Con Fini si schiera tutta l’opposizione, che lo applaude in aula. Ma il presidente del Consiglio difende la scelta del governo. Per Berlusconi, questa decima fiducia “era indispensabile” per far convertire in tempo il decreto, che scade il 28 gennaio. La fiducia sul decreto anticrisi, che sarà votata a Montecitorio domani pomeriggio, appariva scontata. Prima di porla, il ministro per i Rapporti con il Parlamento ha lodato “l’ottimo e lungo lavoro svolto in commissione” sul testo, protrattosi più dei 15 giorni previsti dal regolamento. Ma una frase fa scattare Fini: “Confermiamo la decisione di apporre la fiducia nel testo della commissione riconfermando la centralità del Parlamento”.
E’ qui che il presidente della Camera reagisce. “Negli anni – scandisce in aula – ho ascoltato molteplici ragioni per giustificare la fiducia, ma è la prima volta che sento che essa venga posta in onore del lavoro della commissione e, così, in omaggio alla centralità del Parlamento. Al rappresentante del governo – dice ancora Fini – ricordo che il procedimento legislativo a Costituzione vigente prevede l’esame dei testi in commissione e in Aula. E’ un diritto per il governo porre la fiducia, ma è doveroso esprimere valutazioni di tipo squisitamente politico. L’omaggio al Parlamento si fa se si consente alle commissioni di lavorare e ai singoli parlamentari di esprimersi in Aula. Il rispetto della centralità del Parlamento e della sua funzione nel procedimento legislativo – conclude – non si limita all’omaggio del lavoro fatto in commissione ed impedendo ai deputati di pronunciarsi in Aula su un testo”.
Parole sottolineate da un evidente gesto di stizza di Fini verso il banco del governo. Insomma, confiderà più tardi a un cronista, “quanno ce vò ce vò”, facendo capire che la fiducia era indispensabile solo per ragioni politiche connesse al dibattito interno alla maggioranza. La reazione del presidente della Camera spiazza la stessa opposizione, che non si aspettava un tale assist e gli si schiera al fianco.
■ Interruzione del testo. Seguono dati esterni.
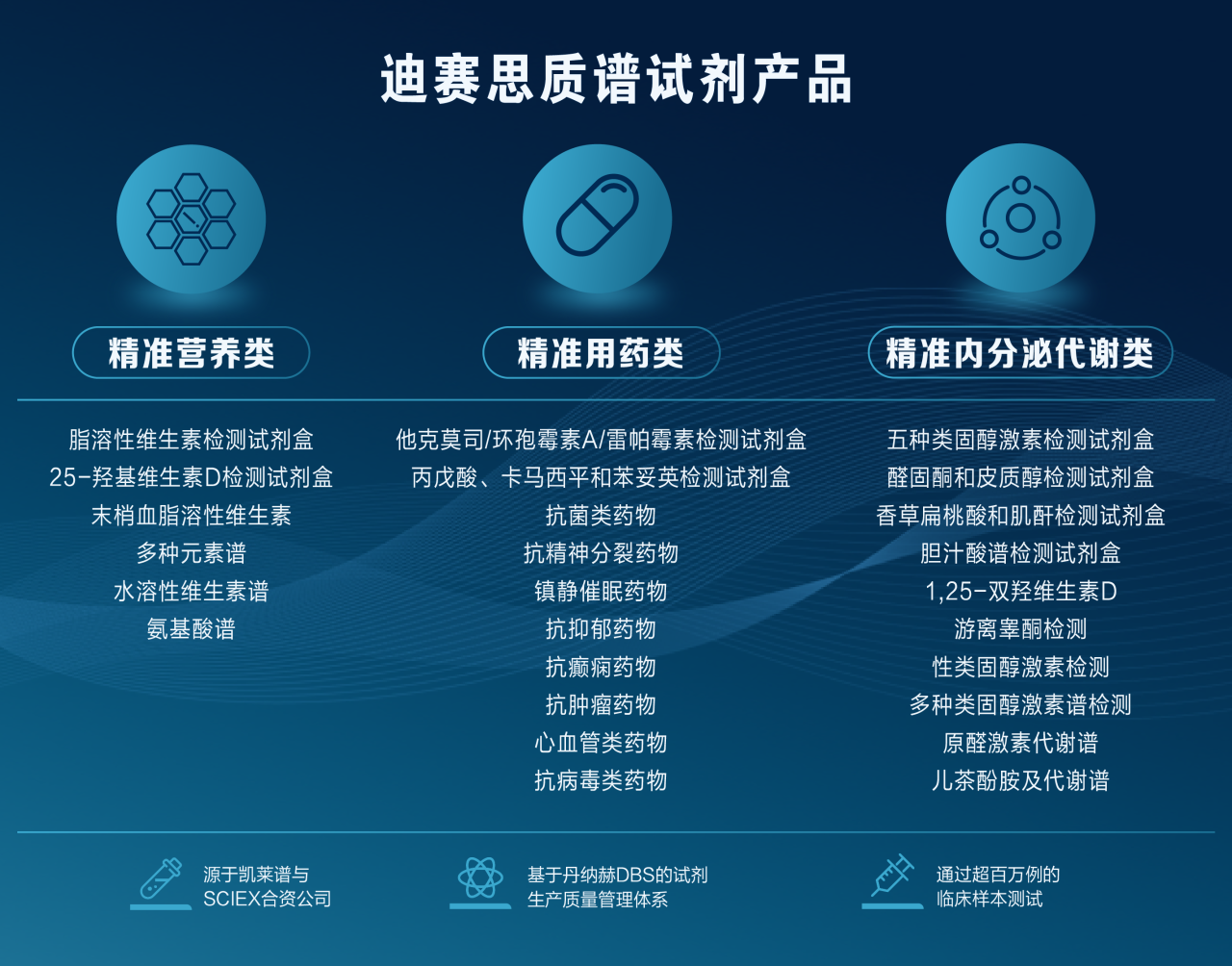 同時(shí),凱萊譜與SCIEX合資企業(yè)迪賽思診斷,已通過自主研發(fā)為中國(guó)臨床用戶推出了類固醇激素、25-羥基維生素D、脂溶性維生素群、膽汁酸譜、抗癲癇藥物濃度、免疫抑制劑藥物濃度等多款獲得二類醫(yī)療器械注冊(cè)證的臨床質(zhì)譜試劑盒產(chǎn)品,可適用于凱萊譜、SCIEX等品牌的臨床質(zhì)譜檢測(cè)系統(tǒng)。

Il Pdl, con Fabrizio Cicchitto, invece dissente. “Noi – sostiene – ci assumiamo la responsabilità della scelta del governo; con la fiducia non si spossessa nessun parlamentare della propria funzione”. E la Lega non perde l’occasione per rendere la pariglia a Fini rispetto alle critiche da lui avanzate alla tassa sul permesso di soggiorno accusandolo, con Roberto Cota, di essere “super partes a giorni alterni”. Ma la maggioranza non è compatta sulla scelta della fiducia. Mastica amaro soprattutto l’Mpa, che manifesta “profondo dissenso” con Cicchitto e “sostegno pieno” a Fini, lasciando intravedere un no sul decreto legge: una decisione sarà presa domani. L’opposizione si schiera compatta contro la fiducia che Walter Veltroni bolla come “immotivata”. “Si tratta – dice il segretario del Pd – di uno strappo consistente nella prassi. Bene ha fatto il presidente della Camera a richiamare l’Aula.
E’ la sanzione di una grande difficoltà della maggioranza”. Di divisione della maggioranza e schiaffo al Parlamento parla il dipietrista Massimo Donadi e al fianco di Fini si schiera anche il leader dell’Udc Pier Ferdinando Casini, che pure con il suo successore alla presidenza di Montecitorio in questi mesi ha avuto non pochi battibecchi.